Recording neuronal activity from behaving animals is a powerful technique to understand how neuronal circuitry works in the living organisms. This technique has been developed originally using primates, but is also applicable to rodents, especially transgenic animals. Prof Nambu will talk about their recent studies using this technique, motor functions of the basal ganglia and pathophysiology of movement disorders.

Prof. Kakigi will talk about recent studies on human brain functions using EEG, MEG, fMRI and near-infrared spectroscopy (NIRS), mainly focusing on the following issues.
By recording brain responses to visual, auditory, somatosensory or pain stimuli, the organization of sensory processing in the human brain is being investigated. In particular, our interest is focused on the underlying mechanisms of two-point discrimination, pain perception, visual motion perception, face perception, inhibition processing using Go-NoGo paradigm. Moreover, we recently focused on the development of brain function in infants and children using EEG and NIRS.

Human behaviors in social contexts are complex. They are motivated not only by materialistic rewards but also by abstract social rewards such as good reputation which may be one of the driving forces for altruism unique to human. Despite an increasing focus on the neural basis of human decision-making in neuroscience, relatively little attention has been paid to decision-making in social settings. Moreover, although human social decision-making have been explored in a social psychology context, few neural explanations for the observed findings have been considered.
To bridge this gap and improve models of human social decision-making, we first investigated whether acquiring a good reputation activates the same reward circuitry as monetary rewards. Subjects participated in functional magnetic resonance imaging (fMRI) experiments involving monetary and social rewards. The acquisition of one's good reputation robustly activated reward-related brain areas, notably the striatum, and these overlapped with the areas activated by monetary rewards. This finding indicates that the experienced utilities of both social and monetary rewards are represented in the striatum. Second, to investigate how reputation influence the altruistic behavior such as donation, we investigated the activation of the striatum when individuals freely decided whether to donate to real charities or take the money for themselves in the presence or absence of observers. Underlying idea was that, when choosing an action in social situations, in order to evaluate each action, the brain must convert different types of reward (such as money or reputation) into a common scale. Behavioral evidence showed that the mere presence of observers increased donation rates, and neuroimaging results revealed that activation in the ventral striatum before the same choice ("donate" or "not donate") was significantly modulated by the presence of observers. Particularly high striatal activations were observed when a high social reward was expected (donation in public) and when there was the potential for monetary gain without social cost (no donation in the absence of observers). These findings highlight the importance of the striatum in representing both social and monetary rewards as "decision utility" and add to the understanding of how the brain makes a choice using a "common neural currency" in social situations.

Most proteins exert their physiological functions as a part of a multiprotein complex. The identification of molecular constituents of protein complexes is a critical step in clarifying the molecular mechanisms for various physiological phenomena, including synaptic transmission. Although numerous protein interactions have been identified by yeast two-hybrid screening and pull-down methods, these interactions often include nonphysiological interactions. Here, Prof. Fukata will introduce the several specific purification methods of in vivo protein complexes, such as the advanced tandem affinity purification system. Combined with mass spectrometry, Prof. Fukata and his colleagues have identified various in vivo protein complexes (or protein networks) including ligand-receptor complex.

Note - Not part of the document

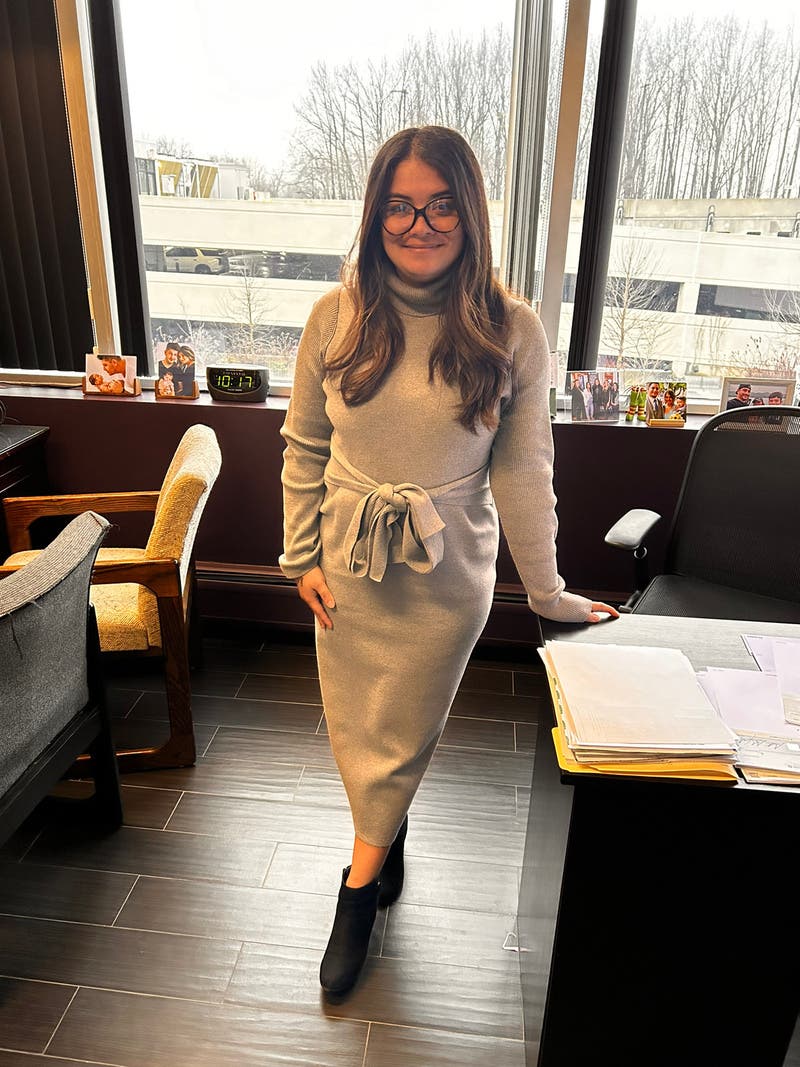Use the gorgeous silhouette of this tie-front sweater dress by TOCCIN x RTR to showcase your most fabulous accessories. Style with snake skin boots and bold jewelry to take your look to the next level.

Focal uncaging of glutamate by laser scanning photostimulation is one of the powerful methods available for the analysis of functional circuits, particularly in neocortex, due to its complicated cellular organization. Here, Prof. Yoshimura will introduce how to map synaptic connectivity in neocortical slice preparations using this method and talk about our recent studies on fine-scale specificity of connections in rat visual cortex.

One of the questions to be answered in the post-genomic era, at a time when most proteins constituting living organisms have been identified, is what particular protein species and amount of each species is expressed in a particular cell type and in their subcellular domains. For subcellular localization that requires nano-scale resolution, pre- and post-embedding immunogold labeling has been widely used. Although these techniques have provided precise details of molecular localization in different subcellular domains, reliable quantification of immunoreactivity has often been hampered by low sensitivity and limited accessibility of antibodies to target molecules buried in tissues. SDS-digested freeze-fracture replica labeling (SDS-FRL) is a new method, by which molecules on the plasma membrane can be directly approached by antibodies and visualized in a two-dimensional manner with high sensitivity and high resolution.